WHAT NEEDS TO BE DONE: Copy out all of the lines below exactly; the pictures do not belong in the copy.

(Stored records)

◆ ◆ ◆ ◆ ◆

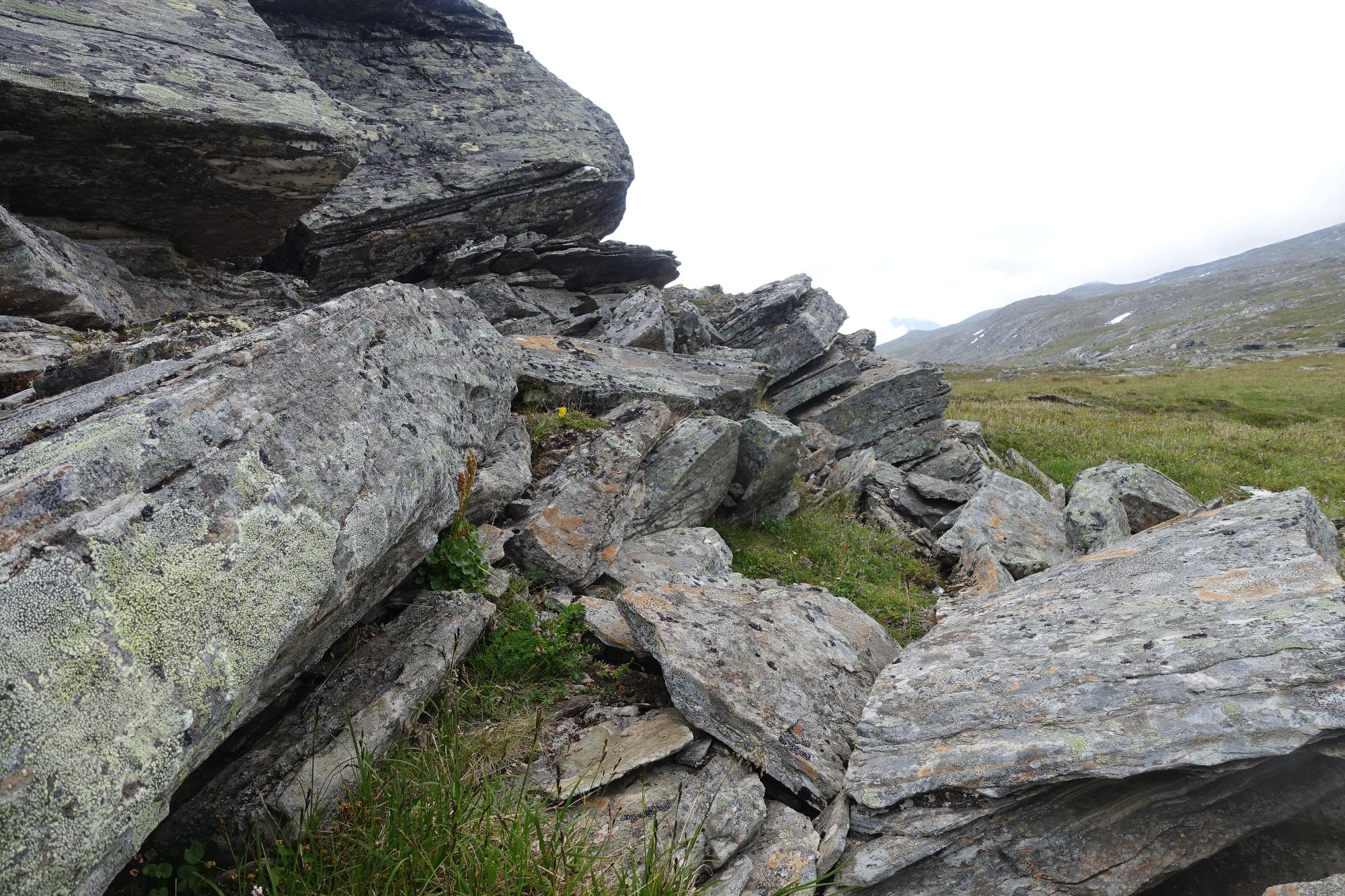 Biotopbild av stenparti med många växtarter. På bilden syns styvstarr, fjällsyra, fjällvedel, fjällfibblor, fjällbinka m.m. Här växer också härjedalsgröe och bergdraba.
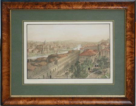 Incisione a colori raffigurante Roma dal Monte Gianicolo (mm 300x500 circa) In
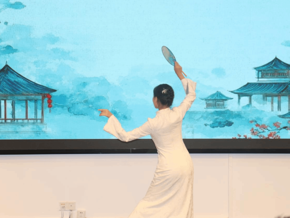 25 级新生李沁杭同学献上精彩中国舞表演。舞者身着雅致舞服,水袖翩跹如流云舒展,舞步轻盈似蝶翼蹁跹,将古典韵律与青春朝气巧妙融合。灵动舞姿不仅展现出东方美学韵味,更传递出新生们对成长的礼赞,以及展现出公关学子多才多艺的一面。
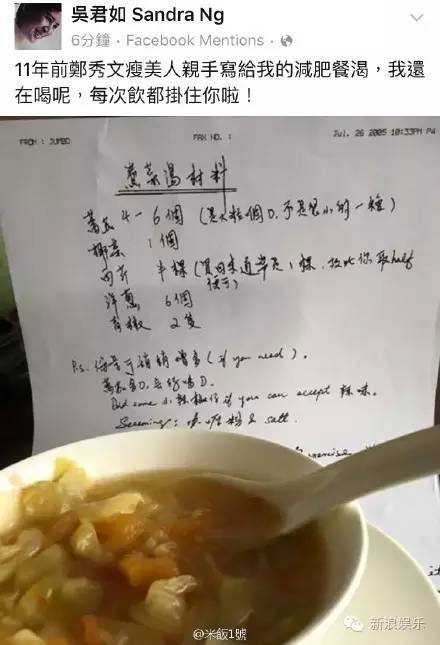 吴君如曾经晒过郑秀文给她的减肥食谱,基本上都是椰菜、西芹、青椒这种蔬菜!当然,我看到6个洋葱的时候,我疯了!
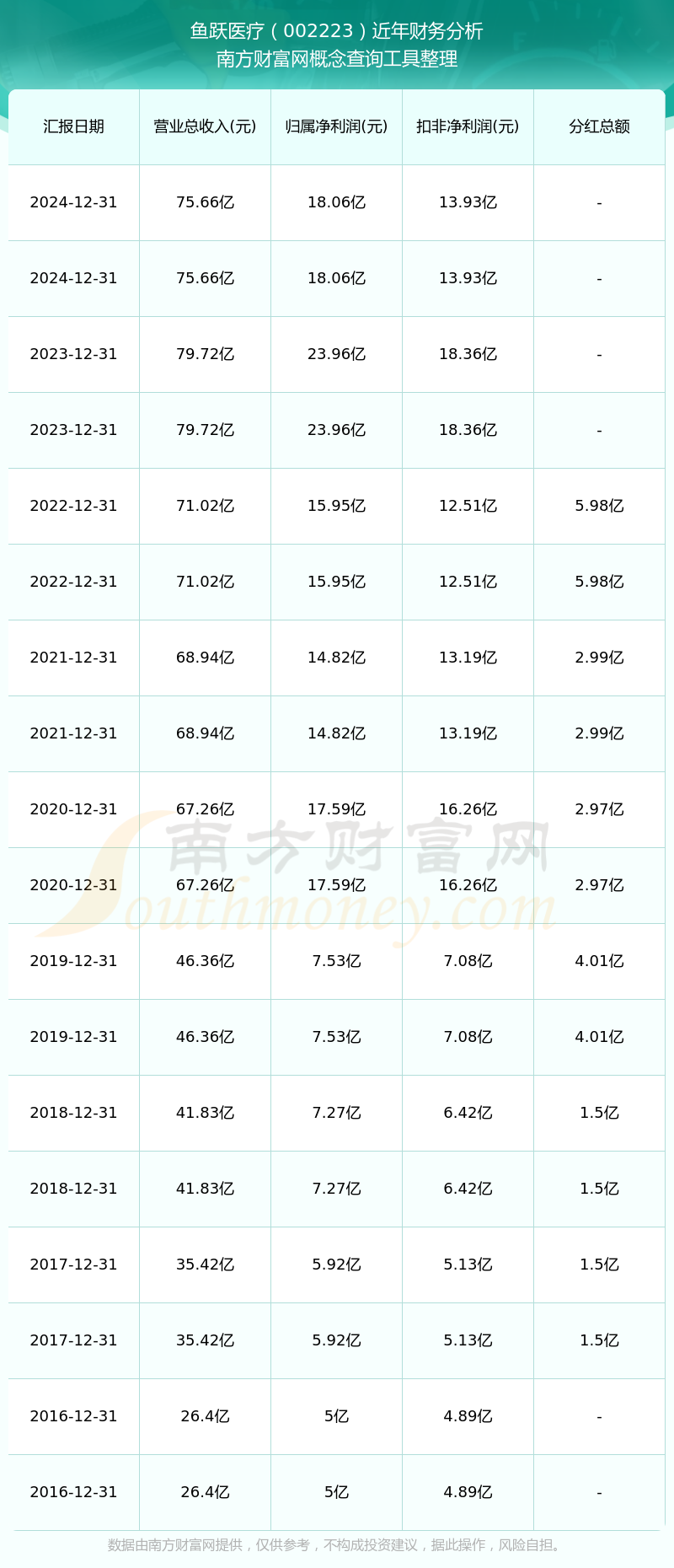 魚躍醫(yī)療歷年分紅派息情況如下表所示:
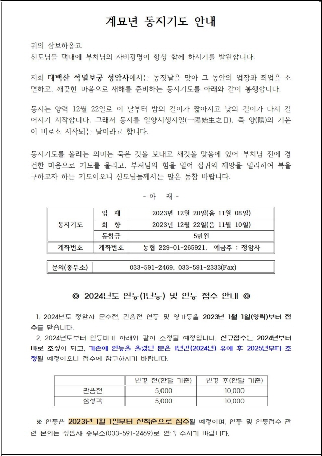 계묘년 동지기도 안내
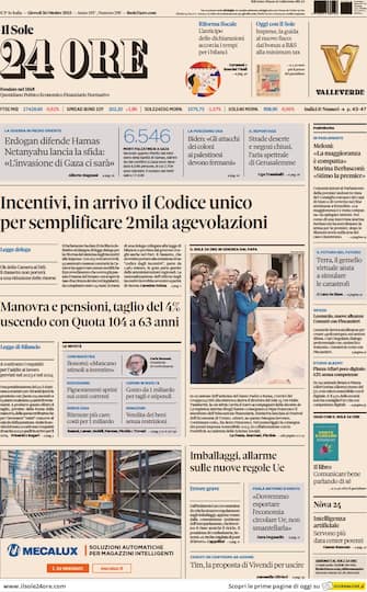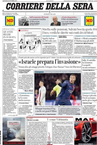 Aperture dedicate alle dichiarazioni di Erdogan: "Sto con Hamas. No terroristi, ma patrioti". Spazio alle intenzioni di Netanyahu di invadere la Striscia. E spazio anche alle parole di Marina Berlusconi: "Retroscena inventati, stimo la Meloni". Sui quotidiani sportivi si celebra Mbappé, che trascina il Psg al 3-0 sul Milan
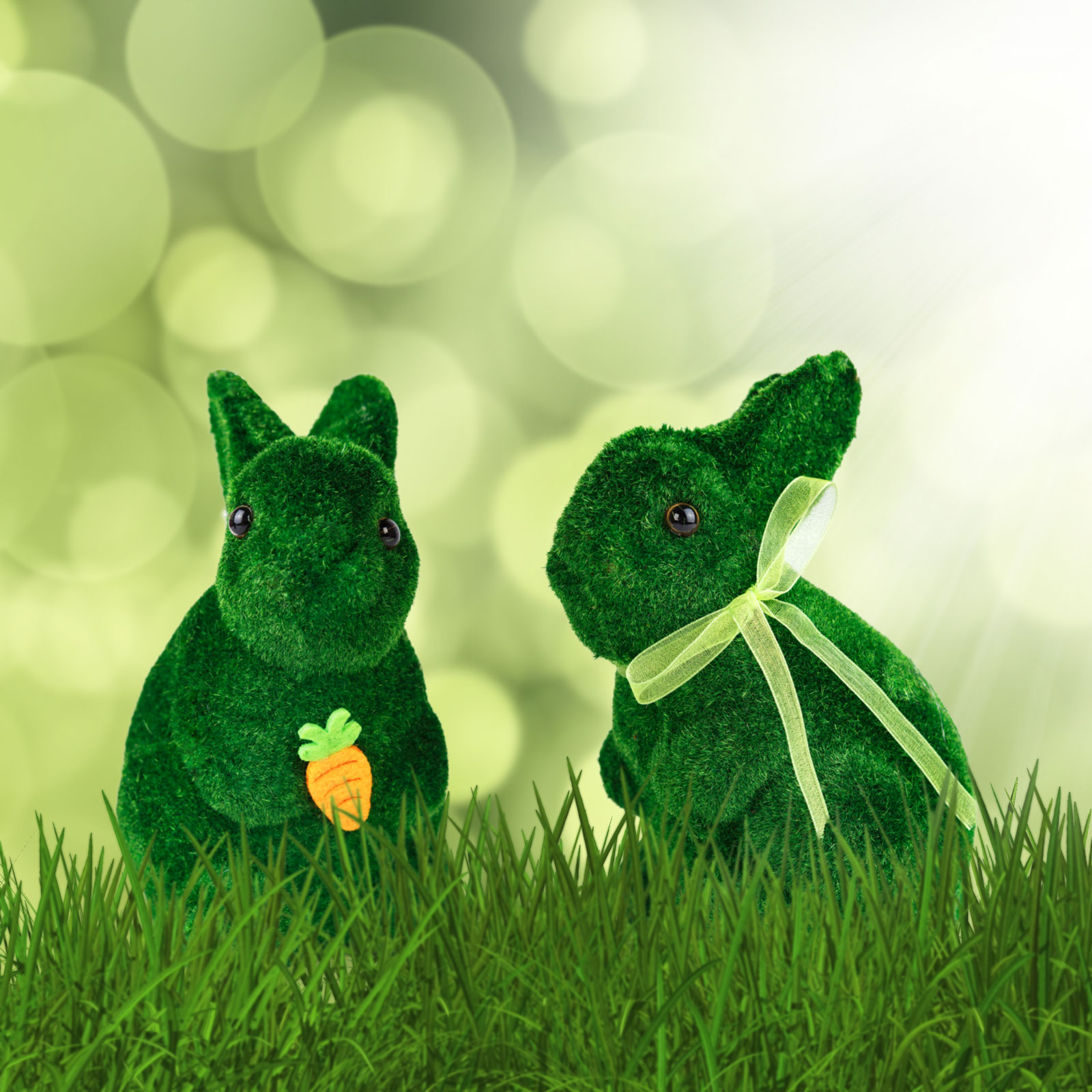 S týmto nádherným veľkonočným zajacom môžete jednoducho vytvoriť jedinečnú atmosféru vo vašej domácnosti. Vzhľad podobný umelej tráve a plyšový povrch povyšujú sviatočnú dekoráciu na vyššiu úroveň. Kompaktná veľkosť zajaca umožňuje jeho ľahké umiestnenie na akúkoľvek skriňu, policu alebo do stredu veľkonočného stola.
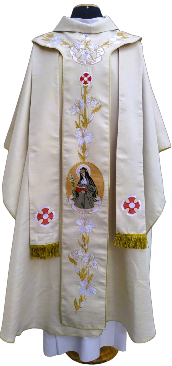 Acompanha estola bordada (confeccionada com o mesmo tecido) de casula.
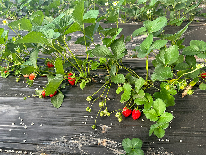记者在大棚中看到,棚内的墙体呈波浪形,每个波浪间相隔20厘米左右,里面填充蓄热材料,外壁装有植物补光灯。据了解,这种墙体是采用光的全波段吸收储热,能够保障大棚白天夜间温度恒定,为草莓生长创造了舒适的环境,一系列“黑科技”的应用,也让研究所的草莓凭借独特的口感,在市场上闯出了一片属于自己的天地。“这些草莓是今年8月份种的,土壤肥沃,光照充足,今年种植的草莓口感非常好,在11月中旬就已经开始上市售卖,现在所有的草莓已经全部被预定。”生产负责人田艳介绍。
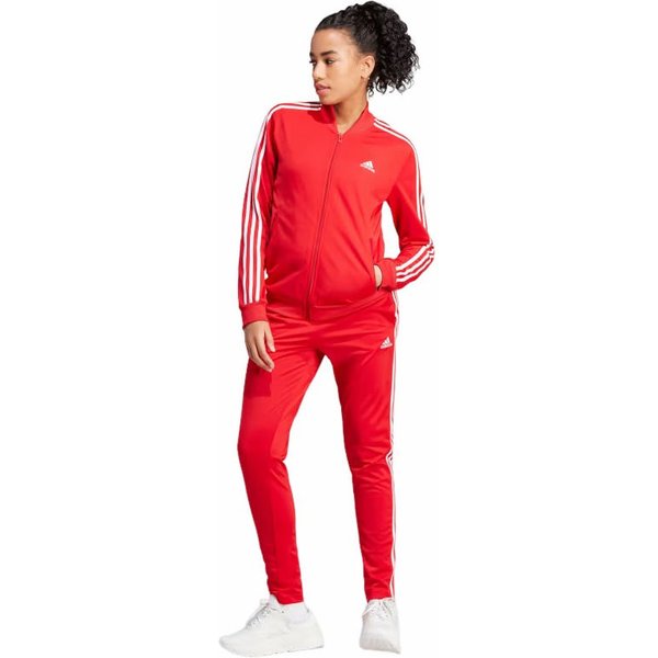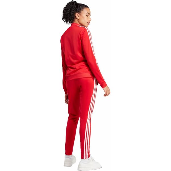 Dres damski Essentials 3-Stripes Adidas to miękki dres o dopasowanym kroju, który doskonale sprawdzi się w codziennym życiu. Wykonany z miękkiego trykotu, zapewnia wygodę i komfort. Dres posiada wszystkie niezbędne detale, takie jak suwak na całej długości, zapinane na suwak przednie kieszenie w spodniach i bluzie, ściągaczowy dół i mankiety oraz elastyczną talię ze sznurkiem do regulacji. Co najważniejsze, co najmniej 70% materiałów użytych do produkcji tego produktu pochodzi z recyklingu i surowców odnawialnych. Idealny wybór dla wszystkich, którzy cenią sobie styl, wygodę i troskę o środowisko.
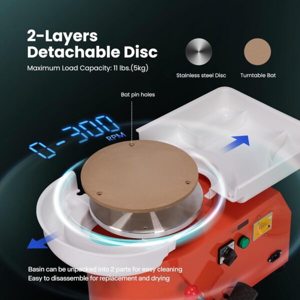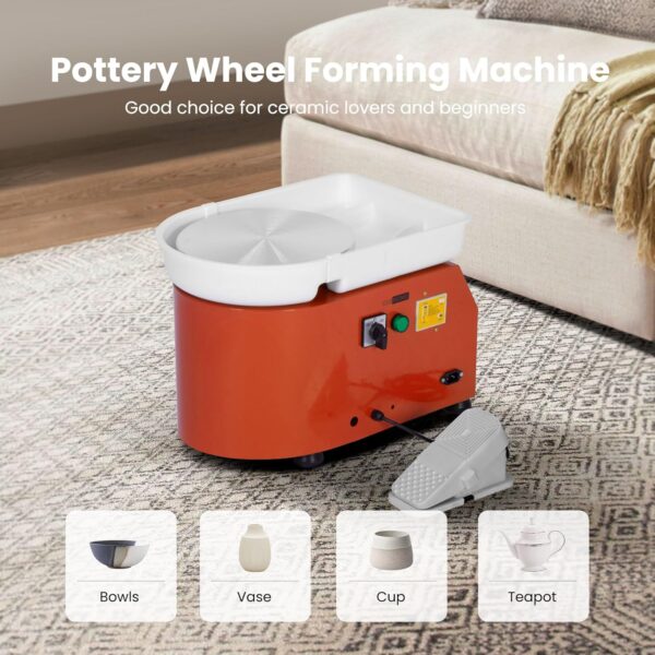 - PRACTICAL & EASY TO CLEAN – The pottery machine adopts a compact structure, fine spray process and small footprint; Equipped with an aluminum alloy wheel with a diameter of 28 cm (11.0″), offering ample space for your pottery-making project; The detachable ABS basin makes cleaning and storage a breeze, adding convenience to your pottery journey
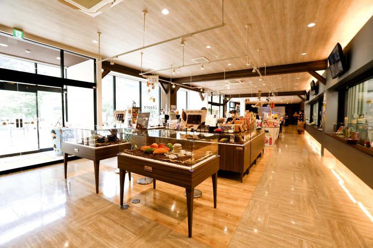 2door is a name that comes from the meaning of ``Ninohe'' and the tradition and fusion of Nanbu rice crackers and chocolate. There is a factory inside the store, and you can observe the manufacturing process through glass, as well as a sales corner for limited edition products that can only be found here, an experience corner, and a cafe space.
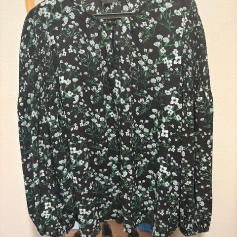 Pusero h&m koko L., materiaali liukaspintainen, hihat leveät hihansuissa suossa kuminauha. Saa myös overzise malliksi mutta nauhalla kiinni myös normaali kaula aukoksi. Menee mallin ansiosta myös xl koolle. Nouto roihuvuoresta tai postitus
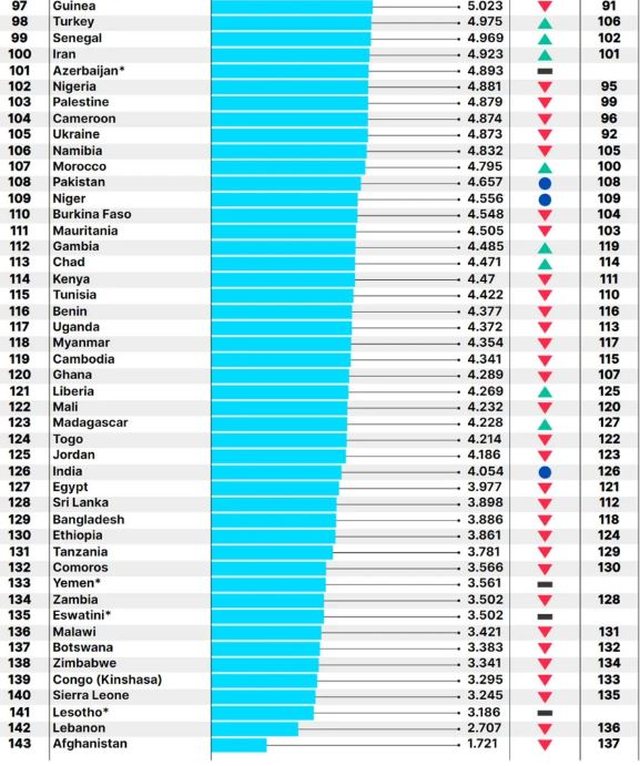 Ndërsa Afganistani, renditet në fund të listës, duke u bërë kështu vendi më i palumtur në botë.
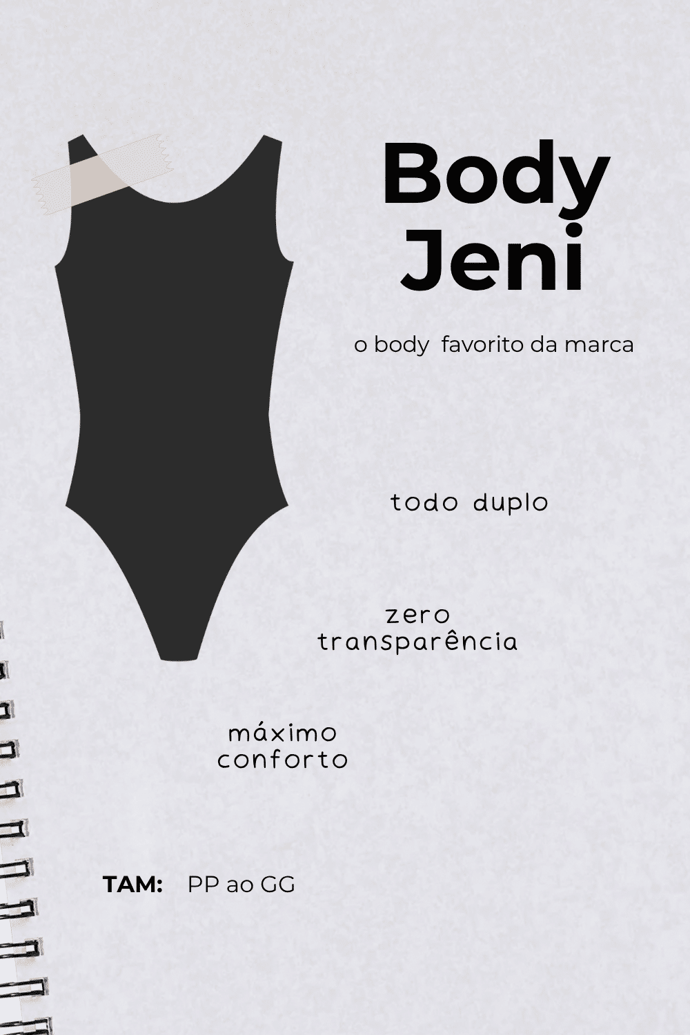 - Modelagem: body bem justo ao corpo, decote redondo e com modelagem nadador com cava mais profunda, que valoriza os ombros e alonga a silhueta
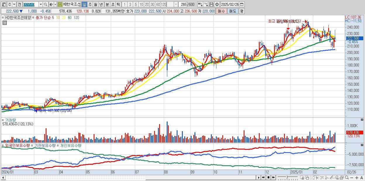 - HD한국조선해양 (222,500원 ▼ -0.45% , 시총: 157,470억, 거래량: 578,436, 거래대금:1,314억)

◆ ◆ ◆ ◆ ◆

RESPONSE TO THIS EXERCISE:
 Biotopbild av stenparti med många växtarter. På bilden syns styvstarr, fjällsyra, fjällvedel, fjällfibblor, fjällbinka m.m. Här växer också härjedalsgröe och bergdraba.
 Incisione a colori raffigurante Roma dal Monte Gianicolo (mm 300x500 circa) In
 25 级新生李沁杭同学献上精彩中国舞表演。舞者身着雅致舞服,水袖翩跹如流云舒展,舞步轻盈似蝶翼蹁跹,将古典韵律与青春朝气巧妙融合。灵动舞姿不仅展现出东方美学韵味,更传递出新生们对成长的礼赞,以及展现出公关学子多才多艺的一面。
 吴君如曾经晒过郑秀文给她的减肥食谱,基本上都是椰菜、西芹、青椒这种蔬菜!当然,我看到6个洋葱的时候,我疯了!
 魚躍醫(yī)療歷年分紅派息情況如下表所示:
 계묘년 동지기도 안내
 Aperture dedicate alle dichiarazioni di Erdogan: "Sto con Hamas. No terroristi, ma patrioti". Spazio alle intenzioni di Netanyahu di invadere la Striscia. E spazio anche alle parole di Marina Berlusconi: "Retroscena inventati, stimo la Meloni". Sui quotidiani sportivi si celebra Mbappé, che trascina il Psg al 3-0 sul Milan
 S týmto nádherným veľkonočným zajacom môžete jednoducho vytvoriť jedinečnú atmosféru vo vašej domácnosti. Vzhľad podobný umelej tráve a plyšový povrch povyšujú sviatočnú dekoráciu na vyššiu úroveň. Kompaktná veľkosť zajaca umožňuje jeho ľahké umiestnenie na akúkoľvek skriňu, policu alebo do stredu veľkonočného stola.
 Acompanha estola bordada (confeccionada com o mesmo tecido) de casula.
记者在大棚中看到,棚内的墙体呈波浪形,每个波浪间相隔20厘米左右,里面填充蓄热材料,外壁装有植物补光灯。据了解,这种墙体是采用光的全波段吸收储热,能够保障大棚白天夜间温度恒定,为草莓生长创造了舒适的环境,一系列“黑科技”的应用,也让研究所的草莓凭借独特的口感,在市场上闯出了一片属于自己的天地。“这些草莓是今年8月份种的,土壤肥沃,光照充足,今年种植的草莓口感非常好,在11月中旬就已经开始上市售卖,现在所有的草莓已经全部被预定。”生产负责人田艳介绍。
 Dres damski Essentials 3-Stripes Adidas to miękki dres o dopasowanym kroju, który doskonale sprawdzi się w codziennym życiu. Wykonany z miękkiego trykotu, zapewnia wygodę i komfort. Dres posiada wszystkie niezbędne detale, takie jak suwak na całej długości, zapinane na suwak przednie kieszenie w spodniach i bluzie, ściągaczowy dół i mankiety oraz elastyczną talię ze sznurkiem do regulacji. Co najważniejsze, co najmniej 70% materiałów użytych do produkcji tego produktu pochodzi z recyklingu i surowców odnawialnych. Idealny wybór dla wszystkich, którzy cenią sobie styl, wygodę i troskę o środowisko.
 - PRACTICAL & EASY TO CLEAN – The pottery machine adopts a compact structure, fine spray process and small footprint; Equipped with an aluminum alloy wheel with a diameter of 28 cm (11.0″), offering ample space for your pottery-making project; The detachable ABS basin makes cleaning and storage a breeze, adding convenience to your pottery journey
 2door is a name that comes from the meaning of ``Ninohe'' and the tradition and fusion of Nanbu rice crackers and chocolate. There is a factory inside the store, and you can observe the manufacturing process through glass, as well as a sales corner for limited edition products that can only be found here, an experience corner, and a cafe space.
 Pusero h&m koko L., materiaali liukaspintainen, hihat leveät hihansuissa suossa kuminauha. Saa myös overzise malliksi mutta nauhalla kiinni myös normaali kaula aukoksi. Menee mallin ansiosta myös xl koolle. Nouto roihuvuoresta tai postitus
 Ndërsa Afganistani, renditet në fund të listës, duke u bërë kështu vendi më i palumtur në botë.
 - Modelagem: body bem justo ao corpo, decote redondo e com modelagem nadador com cava mais profunda, que valoriza os ombros e alonga a silhueta
 - HD한국조선해양 (222,500원 ▼ -0.45% , 시총: 157,470억, 거래량: 578,436, 거래대금:1,314억)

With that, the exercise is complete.